*PROBLEM DETAILS*. Find the line with "男性向けラノベタイトル風あだ名 | 『転生したらあまねないとだった件』 |" in the records below. Copy it and every line after it, up to and including the line with "La 3º Jornada".

*SOURCE RECORDS*.
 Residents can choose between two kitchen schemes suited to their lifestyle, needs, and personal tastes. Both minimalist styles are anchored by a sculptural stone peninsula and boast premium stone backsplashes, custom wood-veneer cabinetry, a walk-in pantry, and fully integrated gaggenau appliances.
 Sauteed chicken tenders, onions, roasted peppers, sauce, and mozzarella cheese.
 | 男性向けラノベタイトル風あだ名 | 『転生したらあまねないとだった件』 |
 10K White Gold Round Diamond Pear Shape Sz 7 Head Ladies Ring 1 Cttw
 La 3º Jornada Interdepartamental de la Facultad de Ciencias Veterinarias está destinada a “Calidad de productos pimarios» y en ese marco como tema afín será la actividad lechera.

* * *

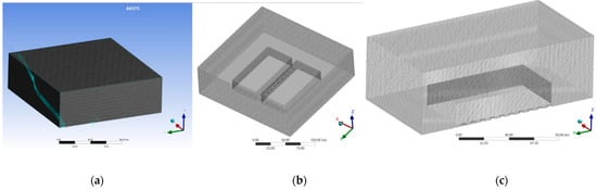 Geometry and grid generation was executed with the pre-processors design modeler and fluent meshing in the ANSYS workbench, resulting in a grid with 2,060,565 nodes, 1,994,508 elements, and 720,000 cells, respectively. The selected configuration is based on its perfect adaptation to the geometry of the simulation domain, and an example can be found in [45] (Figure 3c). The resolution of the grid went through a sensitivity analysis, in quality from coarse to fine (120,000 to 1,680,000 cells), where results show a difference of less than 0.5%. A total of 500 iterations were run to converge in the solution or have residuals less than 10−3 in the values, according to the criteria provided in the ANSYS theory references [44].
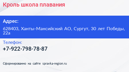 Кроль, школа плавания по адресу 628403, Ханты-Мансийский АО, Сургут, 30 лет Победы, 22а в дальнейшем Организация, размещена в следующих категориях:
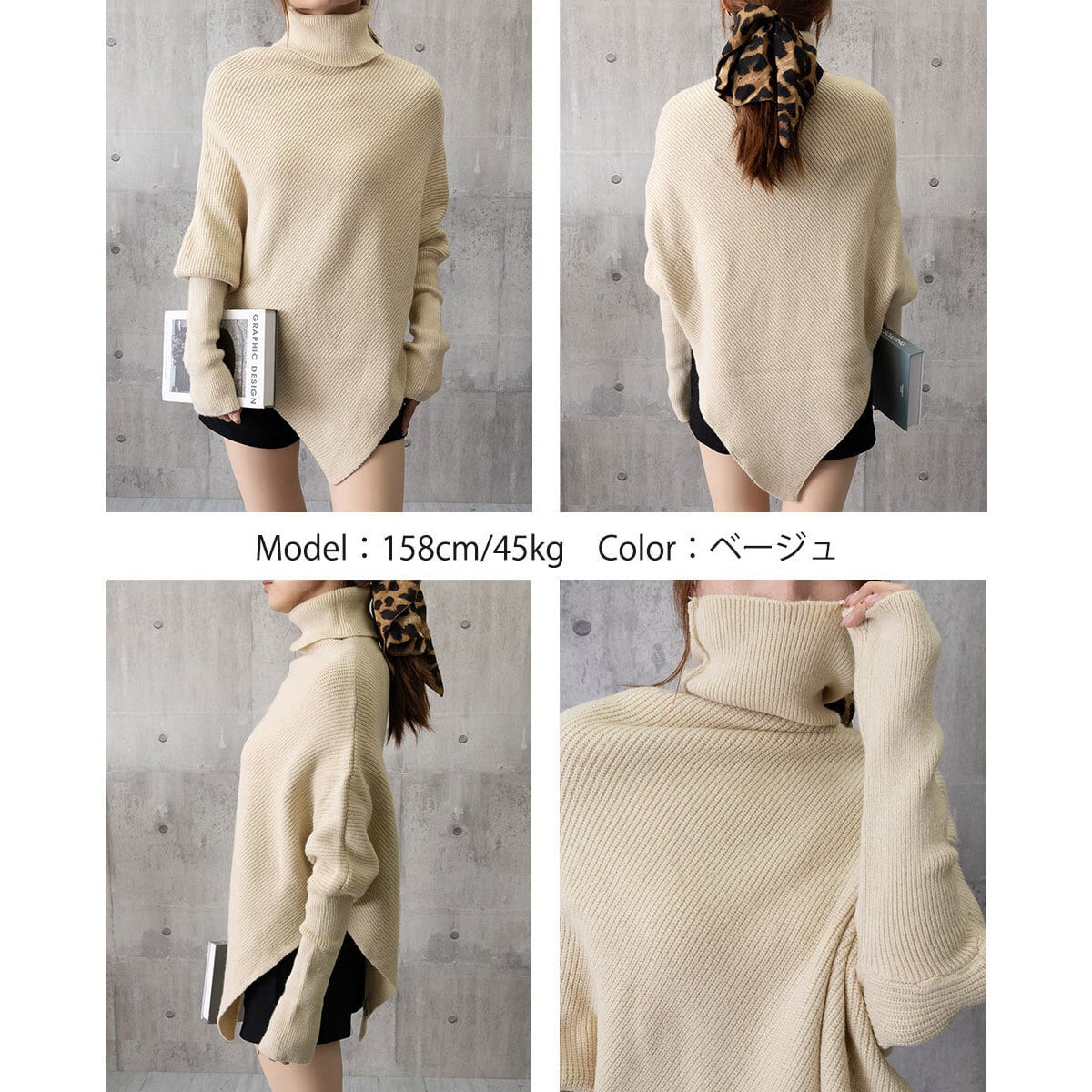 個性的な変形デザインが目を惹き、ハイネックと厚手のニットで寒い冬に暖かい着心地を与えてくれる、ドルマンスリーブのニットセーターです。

...

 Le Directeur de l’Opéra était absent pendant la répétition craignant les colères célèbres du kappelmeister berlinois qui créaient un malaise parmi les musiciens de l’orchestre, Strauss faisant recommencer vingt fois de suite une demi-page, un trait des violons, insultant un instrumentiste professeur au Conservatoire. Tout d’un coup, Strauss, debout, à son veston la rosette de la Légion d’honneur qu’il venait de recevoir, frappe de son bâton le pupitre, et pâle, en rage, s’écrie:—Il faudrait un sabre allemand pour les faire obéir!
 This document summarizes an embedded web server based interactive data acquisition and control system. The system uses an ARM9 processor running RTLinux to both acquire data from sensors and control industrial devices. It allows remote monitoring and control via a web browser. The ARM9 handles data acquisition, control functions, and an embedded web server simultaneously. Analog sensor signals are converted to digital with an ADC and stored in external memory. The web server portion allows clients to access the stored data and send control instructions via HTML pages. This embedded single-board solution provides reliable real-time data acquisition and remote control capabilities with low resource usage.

*EXERCISE SOLUTION*.
 | 男性向けラノベタイトル風あだ名 | 『転生したらあまねないとだった件』 |
 10K White Gold Round Diamond Pear Shape Sz 7 Head Ladies Ring 1 Cttw
 La 3º Jornada Interdepartamental de la Facultad de Ciencias Veterinarias está destinada a “Calidad de productos pimarios» y en ese marco como tema afín será la actividad lechera.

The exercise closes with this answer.